La cantante Imelda Tuñón respondió a la demanda por daño moral que interpuso su excuñado, José Manuel Figueroa. La viuda de Julián Figueroa calificó la situación como un error propio. Además, manifestó su disposición para aceptar las consecuencias legales correspondientes.
Una filtración desafortunada
El conflicto legal inició tras la difusión de un audio privado en febrero pasado. En dicha grabación, Tuñón mencionaba presuntos abusos contra su esposo por parte de su hermano mayor. La joven aclaró que estas declaraciones formaban parte de una charla privada. Lamentablemente, el material terminó en manos de terceros.
"Lo voy a tener que aguantar, porque fue un error mío. Ni modo, así son las cosas", declaró Tuñón ante diversos medios de comunicación.
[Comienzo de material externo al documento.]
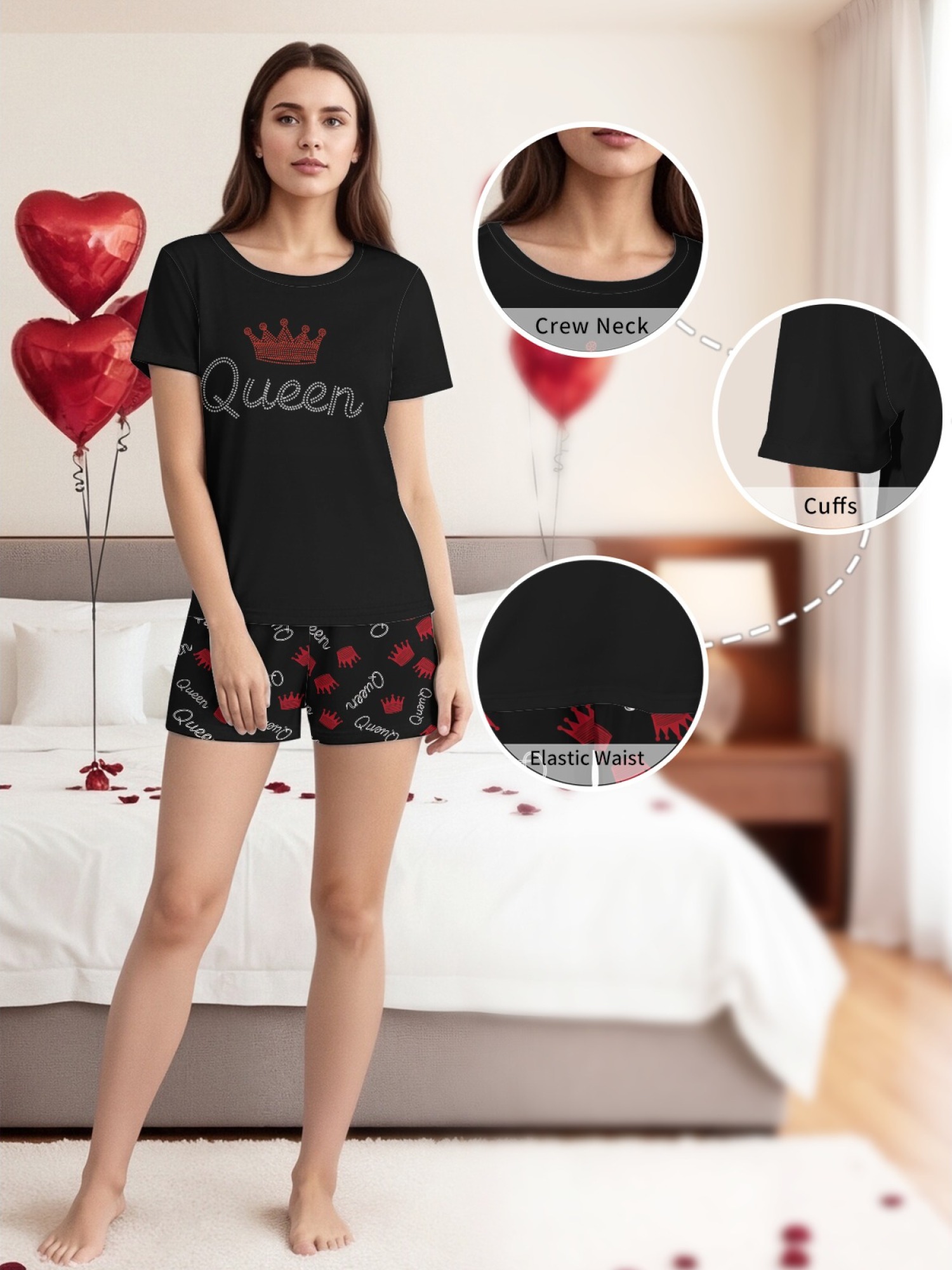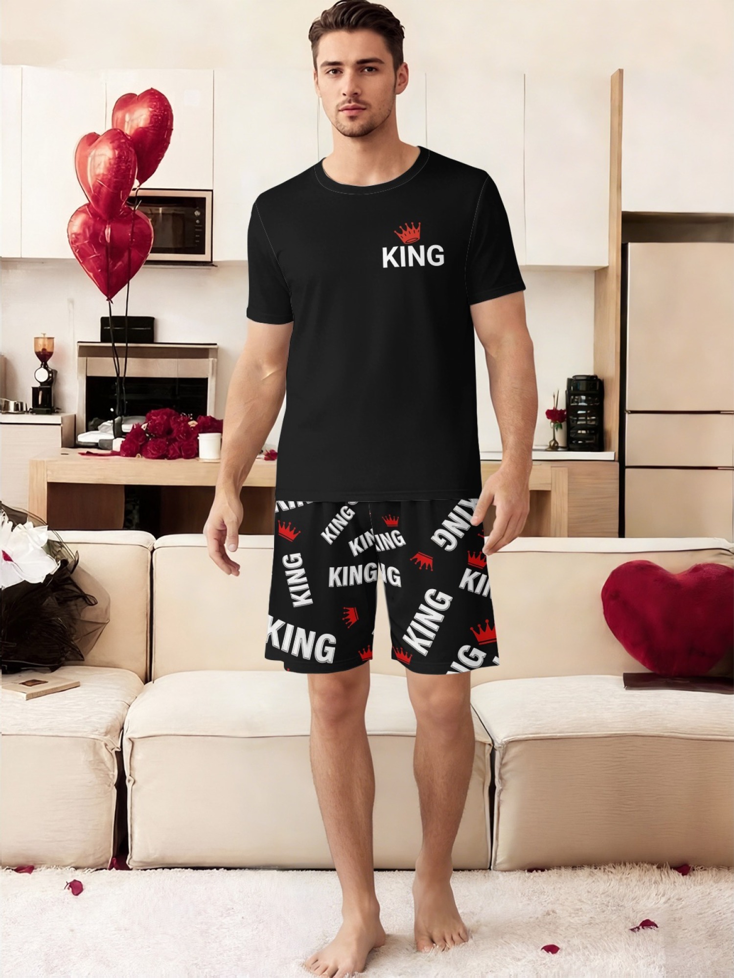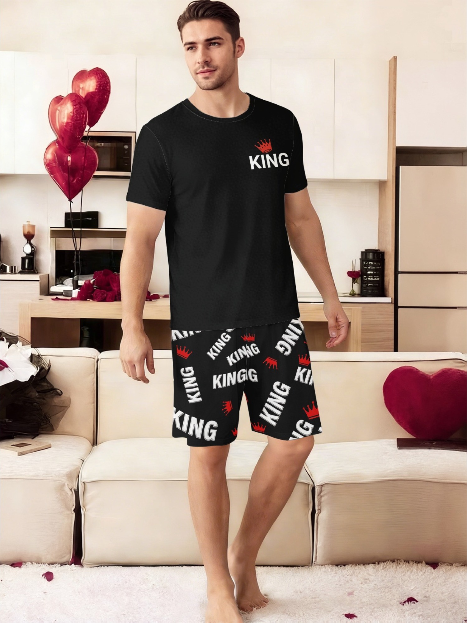 The men's set features a sleek T-shirt with a chest logo and shorts covered in a bold "KING" print. The women's set features a glamorous "Queen" script graphic (printed to look like sparkling studs) on the tee, paired with matching crown-patterned shorts. Whether you're on a honeymoon, vacation, or just lounging at your castle, this set is a must-have.
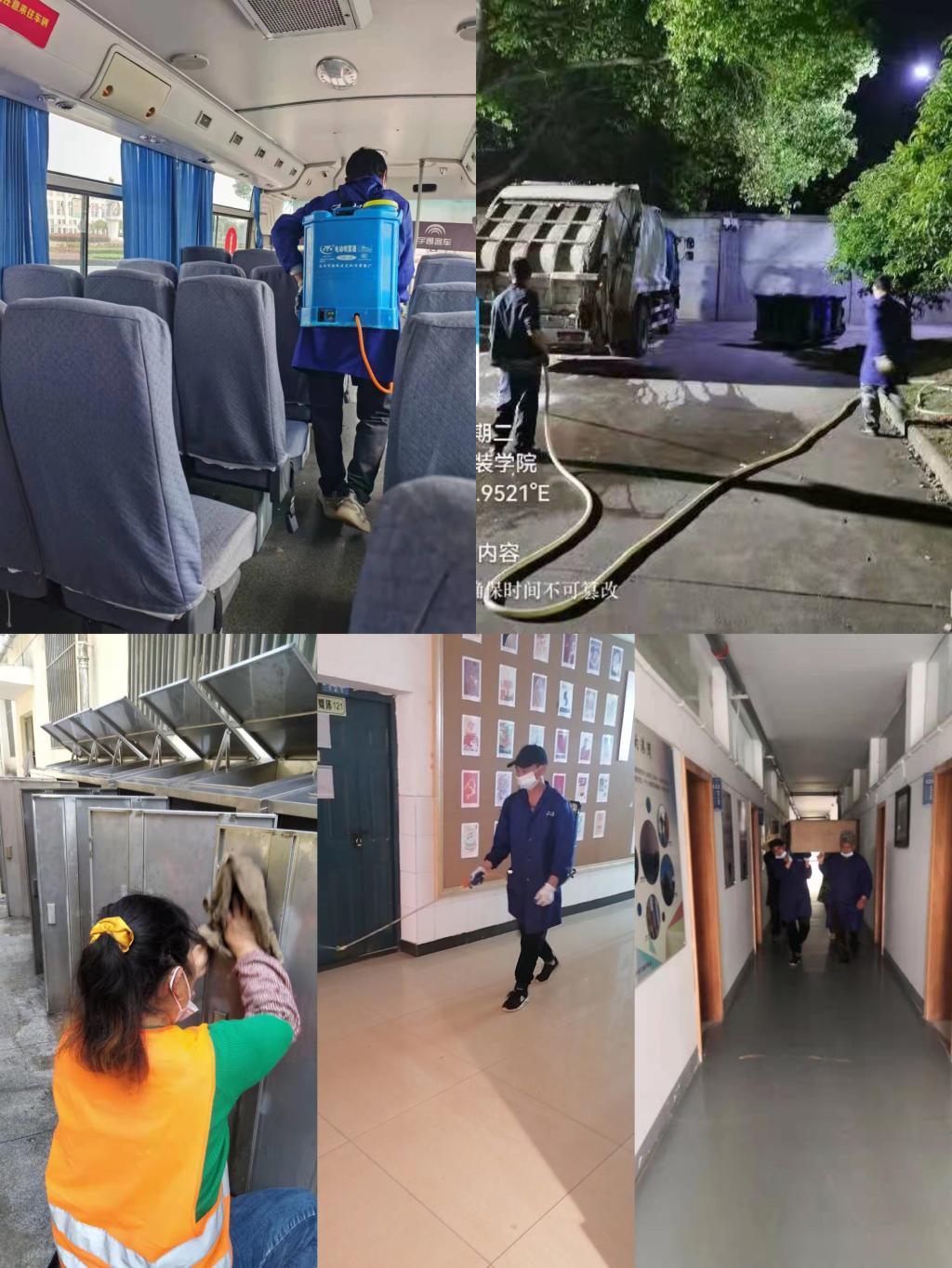 防疫工作重点在防控,关键在治理。特殊时期,疫情防控正是吃紧的时候,必须要保证校内“零”感染,为了做好这项工作,后勤保障部门每天早晨对工作人员进行“三检”,即一码一温一核酸,所有指标正常,方可上岗工作。“防疫就是要搞好卫生、做好消杀,这项工作后勤保障处责无旁贷,由我们上!”后勤保障处负责人张彦春副处长关键时刻带头冲锋陷阵。

La actriz reconoció que la polémica surgió por un desborde emocional. También lamentó que la conversación se hiciera pública sin su consentimiento.
Intento de acercamiento
Imelda Tuñón reveló que ya buscó comunicación directa con el hijo de Joan Sebastian. El objetivo del contacto fue aclarar que nunca buscó perjudicar su imagen. Aseguró estar agotada de los escándalos mediáticos. "No me sirve de nada crear polémica", añadió la exnuera de Maribel Guardia.
Por su parte, José Manuel Figueroa sostiene que el daño a su reputación es irreparable. El cantante reafirmó que el proceso judicial continúa su curso normal. Su defensa busca proteger el nombre de su familia. Asimismo, intenta resguardar el legado de su fallecido hermano menor.